I am a new QIIME2 user and have recently started working with my data on a ComputeCanada server (HPC), which makes use of a slurm job scheduler. To submit jobs to the cluster, users have to specify the amount of time, number of CPUs, and the amount of RAM (amongst other possible specifications) their job requires before cluster resources are allocated to the job. The server is running
QIIME2-2019.10 in a
I've reviewed the forum and have seen that 16GB of RAM is likely sufficient for QIIME2 jobs. That said, I am lost as to how much time I should request to allow my jobs to run. I have seen many users asking about DADA2 run times, which have been helpful (there seems to be wide amounts of variability in time needed depending on particular circumstances). Now, I am wondering now about jobs like OTU clustering or tree building (see below commands as examples).
qiime vsearch cluster-features-de-novo \ --i-table table.qza \ --i-sequences rep-seqs.qza \ --p-perc-identity 0.99 \ --p-threads 250 \ --o-clustered-table OTU-table-dn-99.qza \ --o-clustered-sequences OTU-rep-seqs-dn-99.qza
qiime alignment mafft
qiime alignment mask
qiime phylogeny fasttree
qiime phylogeny midpoint-root
There are just under 10 million sequences in my sequence file.

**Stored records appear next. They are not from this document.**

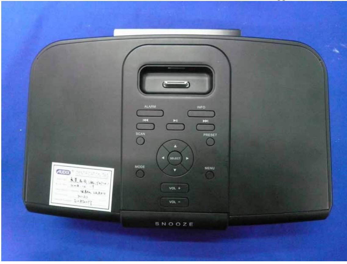
Figure 4 General Appearance of the EUT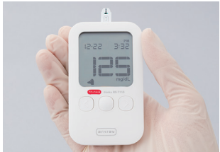
4. Test result appears after 5 seconds.

Measurement accuracy is enhanced by adding calibration curves for canine and feline.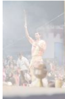
A priest chanting mantras as he proceeds with Ganga aarti. (DSC_4032)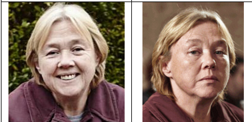
Pauline Quirke who played the role of 'Sharon'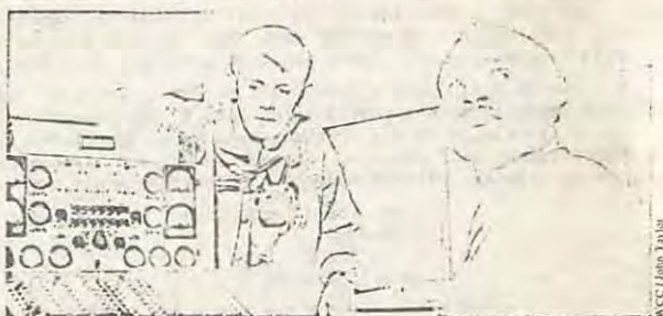
RVOG studio in Addis Ababa

RVOG was teamed together with these studios from the beginning. They produced programmes which were then sent to Addis Ababa to be transmitted back to the originating areas. The area studios not only produced tailor-made programmes according to the specific needs of their regional audience. They were also a decisive factor in the station's efforts to preserve cultural integrity - one of the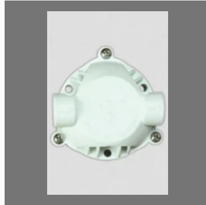
Kemflow Pump Head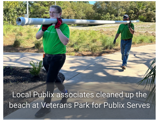
Local Publix associates cleaned up the beach at Veterans Park for Publix Serves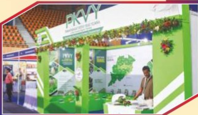
GOVERNMENT OF ODISHA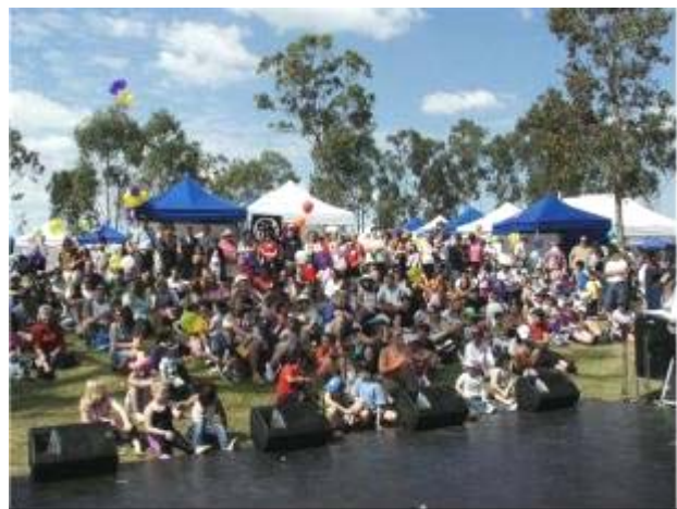
Springfield Community Day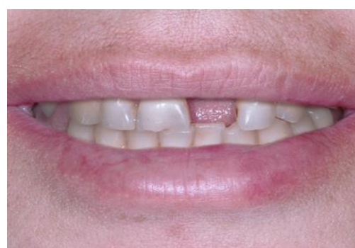
Figure 2. Image of smile line examination

After that, we transferred the first line to the smile region, to allow in this way, the positioning of the smile, and analyse the teeth and the face. For smile aesthetic it is important to have a good proportion between teeth and their position in the arch, to analyse the dental contour according to the lower lip proportions and the antero-posterior curvature of the teeth. (Fig. 3)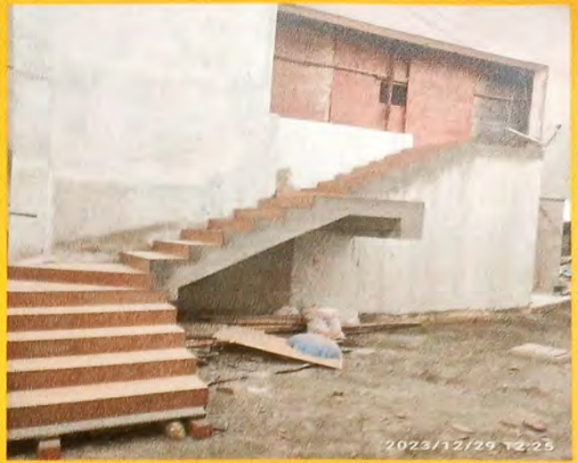
Stair Case to Gym Room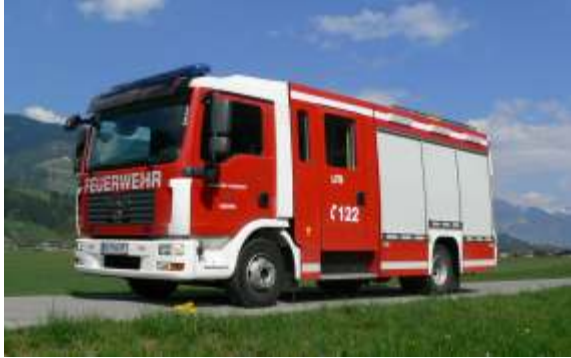
LFB / Medium Intervention Unit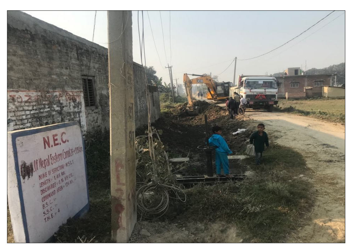
Clearance of ROW, Birgunj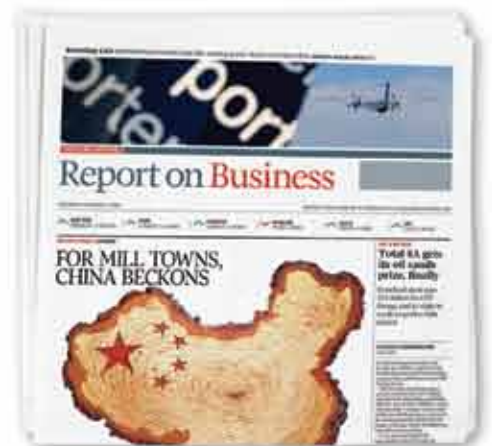
ENGAGING new story formats and a unique experience on Saturdays.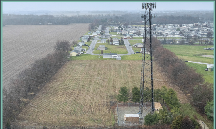
Cell Tower with Income on Excess Acreage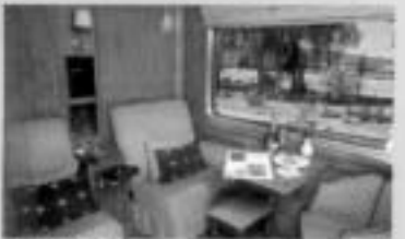
Blue Train cabin

During the day the dresscode is smart-casual. For dinner, a more formal attire is required - jackets and ties should be worn by gentlemen.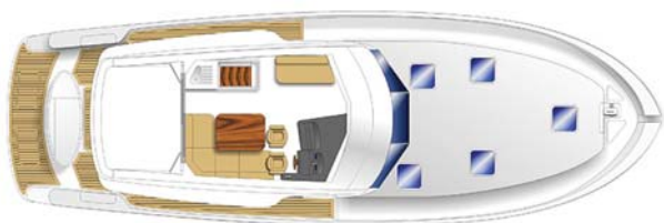
cruising flybridge - skylounge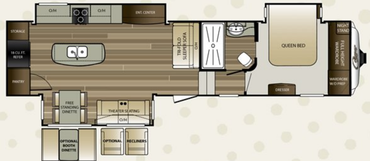
341RKI LENGTH: 38' 1" WEIGHT: 10,375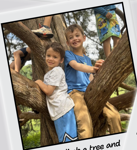
Juniors climb a tree and share a laugh!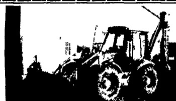
JCB 215S Backhoe 4x4, Ext Hoe, 4-Wheel Steer $28,000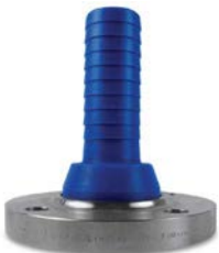
2pc. Reducing Barb x 304SS 150# Flange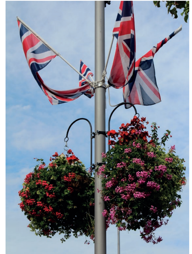
New hanging baskets brighten up Gerrards Cross town centre

The GXTA can be contacted on 01753 202210 or by emailing traders@gxtraders.co.uk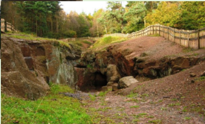
Alderley Edge mines

Alderley Edge is the oldest known metal-mining site in England, with evidence suggesting mining activity began as early as 1900 BC. Alderley Edge also has a Roman mineshaft, believed to date from the first century AD. A pot of Roman coins was found in this back-filled shaft that date from the fourth century AD.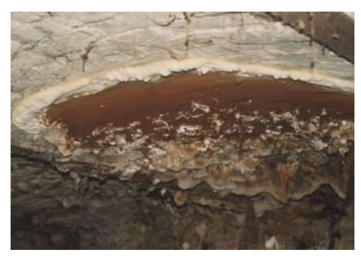
Fig. 5. The fruiting body of the house fungus proper (Serpulla lacrymans), grown into a vaulted ceiling of a basement room

repairs involving the replacement of electrical installation. Grooves carved in renovating plasters were filled with gypsum mortar. After re-painting the walls, the whole installation layout was visible. A common mistake of the owners was also poor care for sufficient ventilation of rooms. In many cases, the air grates were veiled or blocked with furniture. Consequently, this has led to the emergence of the house or moldy fungus [12].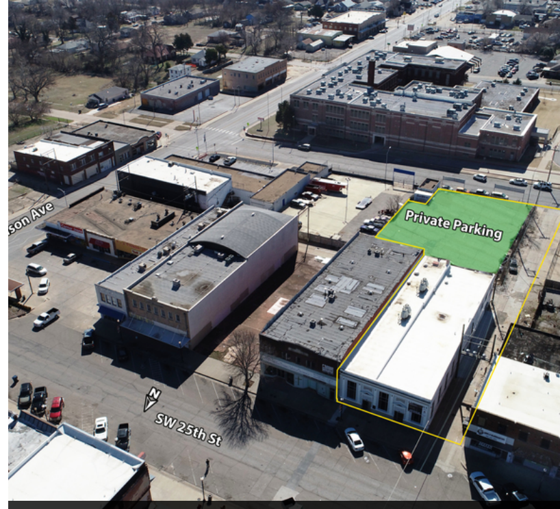
0.32 Acres | Private Parking available

Imagine the possibilities in Capitol Hill District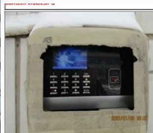
Photo of the inside of the main production hall Attendance machine.JPG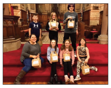
Sharing: NYC members with the special calendars

HUNDREDS of special Advent calendars have been shared with young people by Network Youth Churches (NYC) across the county.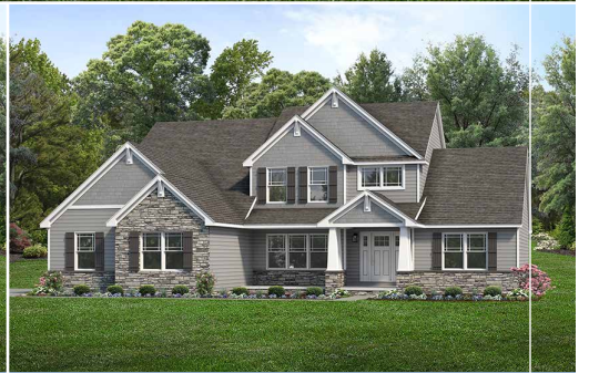
Craftsman II Exterior

More exteriors and details at WayneHomes.com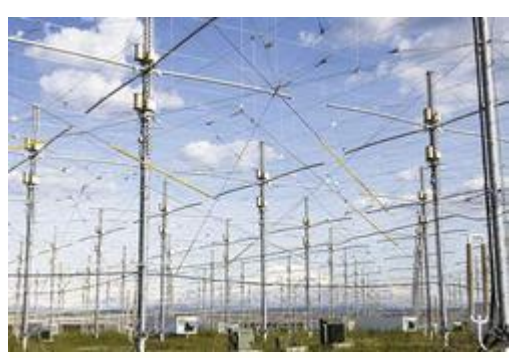
The HAARP antenna array at the University of Alaska Fairbanks.

Alaska Fairbanks in 2021. PARS is a group of more than 50 researchers committed to meeting the growing demand for skilled scientists and engineers with knowledge of the special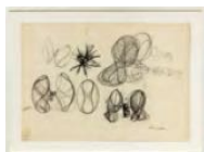
Untitled (zborul) / Untitled (the flight) , 1972 Pencil on paper 35 x 50 cm (13 3/4 x 19 3/4 in) (unframed) 44,5 x 59,5 x 3,5 cm (17 3/8 x 23 1/4 x 1 1/8 in) (framed) (STB 149)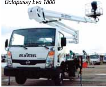
Oil&Steel's 18 metre Octopussy Evo 1800

Mantis Access will initially concentrate on the sale of truck mounted platforms and spider lifts as well as develop a market for larger platforms mounted on All Terrain tracked carriers. The new business and relationship will be officially launched at Vertikal Days.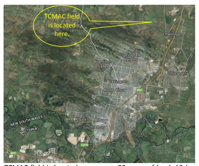
TCMAC field is located on approx. 80 acres of land, 13 km by road NNE of the Albury CBD.

It's a credit to the TCMAC members who have done an incredible job to purchase land (approx. 80acres) so close in to town and set up field facilities that must be amongst the best in Australia. They have also had immeasurable help from the Albury City Council in the form of road construction (bitumen track into the field) and monetary grants for field development. Of course you do have to present a sound business case to get council grants which includes things like bringing tourist dollars to town.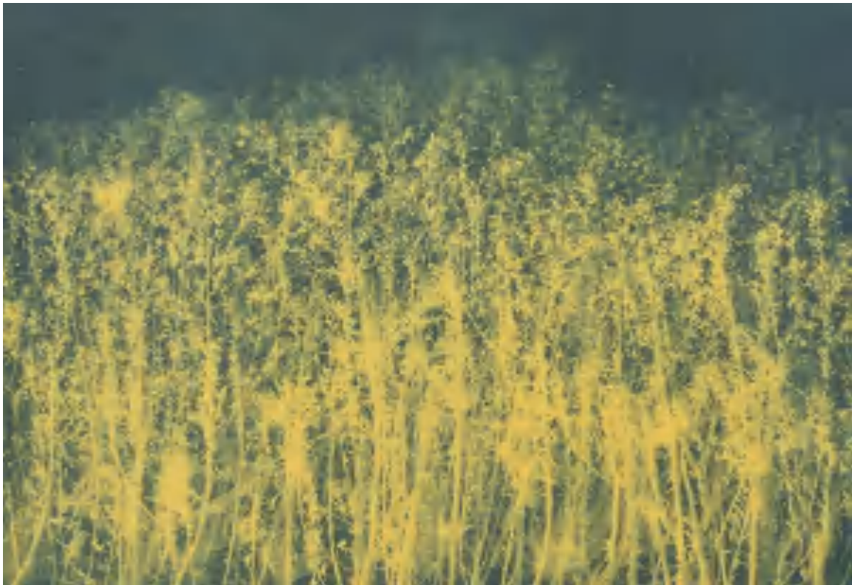
Zhang Dali, Herbarium Canadian Horseweed ( C. canadensis ) (1), 2020, yellow cyanotype on cotton, 135×190cm.

to convey the complex state of the city and its inhabitants, the reasons why they are formed, and the relationship that comprises them. Before focusing on residents' thoughts and states, he used demolished buildings in the urban system to analyze the change in the surface of the city. In response to the real-world scenario, Zhang expanded his research gear to include the city's wild plants in the cyanotype series, showcasing his thoughts on the rural-urban fringe's landscape. Unlike other types of landscape, this one is home to a variety of uncategorized and undesirable wild plants. Botanists and locals will most likely assign them a scientific name and an alias. Regardless of the name, but, they are the outcome of human observation and the replication of man's imagined rights, which in turn impose restrictions.

The size of the QIIME artifact files are as follows:
340M rep-seqs.qza 690M seqs.qza 1.3M tabulated-metadata.qzv 122M table.qza
I am worried that I will arbitrarily select an amount of time (say 24 hours) and then have to rerun the job because I didn't give it enough time. The scheduler suggests from a little bit of additional time just it case it takes longer than expected, but I am lost as to what the expected time might be. Thank you for any help you may have!